• GOAL OF THE EXERCISE: Would you transcribe the records below from the line with "This particular car" to the line with "Verder beschikt het", ends included, exactly and with nothing more, leaving the pictures out?

• MATERIAL PROVIDED:
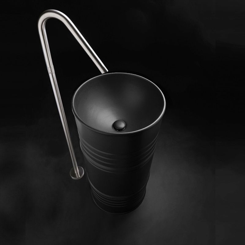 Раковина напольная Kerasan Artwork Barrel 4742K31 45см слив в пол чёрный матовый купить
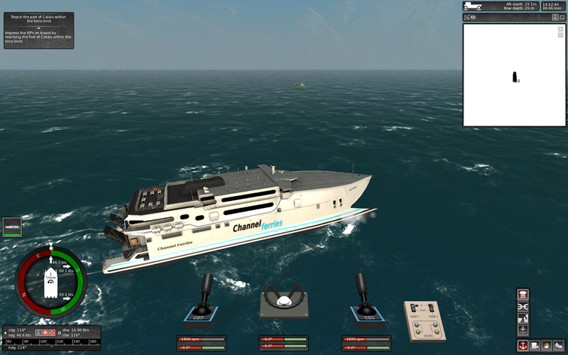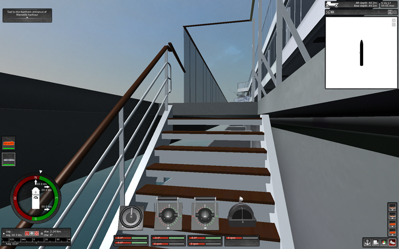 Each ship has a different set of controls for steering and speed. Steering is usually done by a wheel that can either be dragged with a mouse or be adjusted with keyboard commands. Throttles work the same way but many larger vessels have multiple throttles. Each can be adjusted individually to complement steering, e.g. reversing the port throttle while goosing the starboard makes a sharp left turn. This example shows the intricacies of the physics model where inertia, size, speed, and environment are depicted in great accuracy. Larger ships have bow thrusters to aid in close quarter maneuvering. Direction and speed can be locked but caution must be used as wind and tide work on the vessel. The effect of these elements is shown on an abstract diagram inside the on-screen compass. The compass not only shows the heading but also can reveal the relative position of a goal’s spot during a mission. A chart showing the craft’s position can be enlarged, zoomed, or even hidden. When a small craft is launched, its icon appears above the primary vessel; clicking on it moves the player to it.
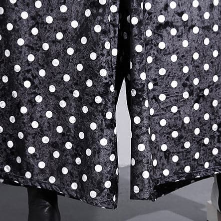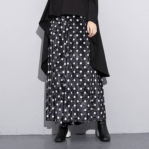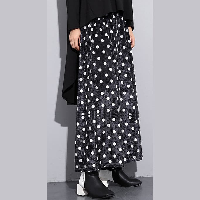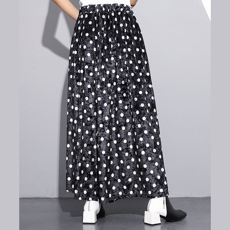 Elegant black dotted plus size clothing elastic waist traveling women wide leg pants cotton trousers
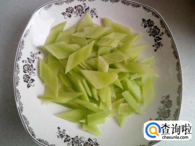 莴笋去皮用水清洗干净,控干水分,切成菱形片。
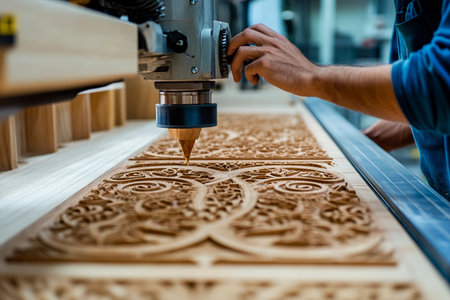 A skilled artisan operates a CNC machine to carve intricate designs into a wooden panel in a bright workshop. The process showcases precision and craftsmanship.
---
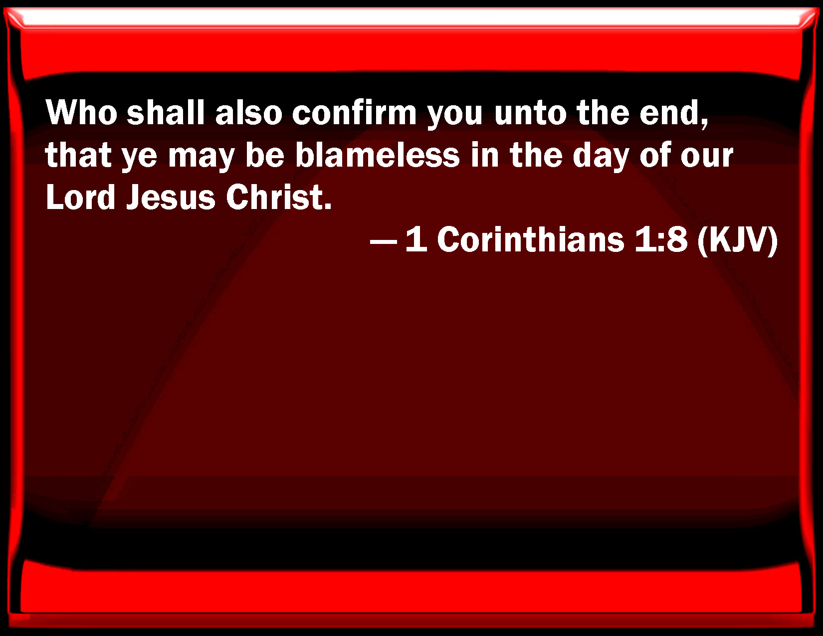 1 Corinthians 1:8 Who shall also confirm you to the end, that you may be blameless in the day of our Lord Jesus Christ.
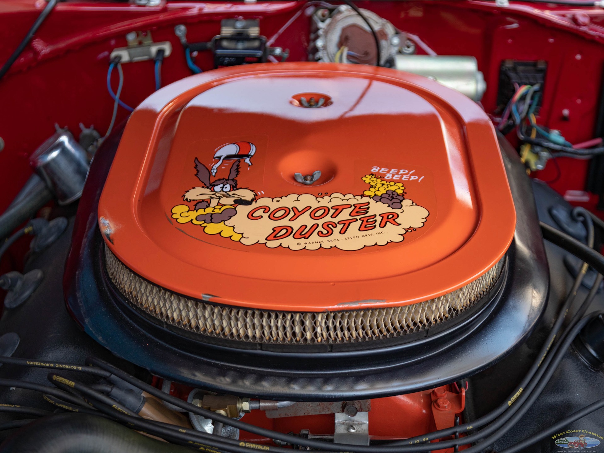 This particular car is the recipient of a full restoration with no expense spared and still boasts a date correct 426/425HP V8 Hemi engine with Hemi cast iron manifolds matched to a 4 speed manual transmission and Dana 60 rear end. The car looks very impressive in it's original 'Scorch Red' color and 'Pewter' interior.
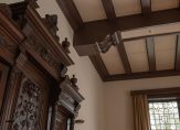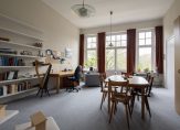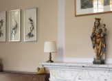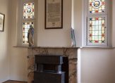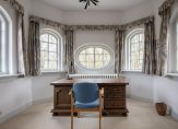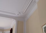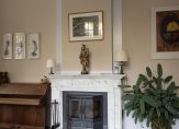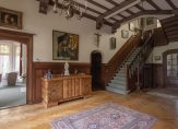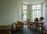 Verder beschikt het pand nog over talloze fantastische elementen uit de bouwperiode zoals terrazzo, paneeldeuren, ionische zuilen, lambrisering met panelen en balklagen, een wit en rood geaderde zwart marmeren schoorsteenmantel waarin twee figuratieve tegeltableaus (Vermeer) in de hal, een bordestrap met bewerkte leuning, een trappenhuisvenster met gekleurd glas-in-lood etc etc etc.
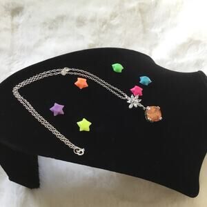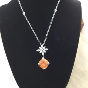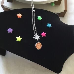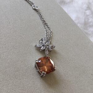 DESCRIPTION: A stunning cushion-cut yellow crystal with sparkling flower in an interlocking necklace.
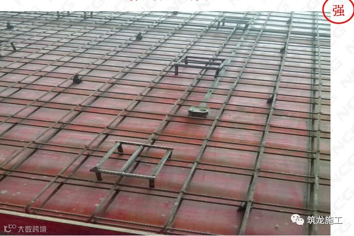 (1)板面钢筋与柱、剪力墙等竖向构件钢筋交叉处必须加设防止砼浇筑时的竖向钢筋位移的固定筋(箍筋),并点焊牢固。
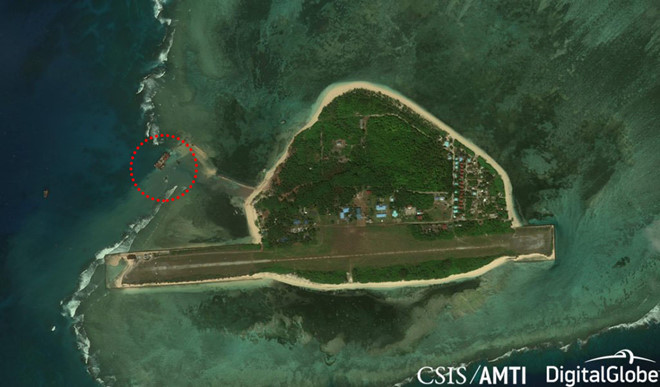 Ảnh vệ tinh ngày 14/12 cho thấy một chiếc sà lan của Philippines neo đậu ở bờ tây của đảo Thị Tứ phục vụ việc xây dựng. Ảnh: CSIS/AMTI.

• EXERCISE SOLUTION:
 This particular car is the recipient of a full restoration with no expense spared and still boasts a date correct 426/425HP V8 Hemi engine with Hemi cast iron manifolds matched to a 4 speed manual transmission and Dana 60 rear end. The car looks very impressive in it's original 'Scorch Red' color and 'Pewter' interior.
 Verder beschikt het pand nog over talloze fantastische elementen uit de bouwperiode zoals terrazzo, paneeldeuren, ionische zuilen, lambrisering met panelen en balklagen, een wit en rood geaderde zwart marmeren schoorsteenmantel waarin twee figuratieve tegeltableaus (Vermeer) in de hal, een bordestrap met bewerkte leuning, een trappenhuisvenster met gekleurd glas-in-lood etc etc etc.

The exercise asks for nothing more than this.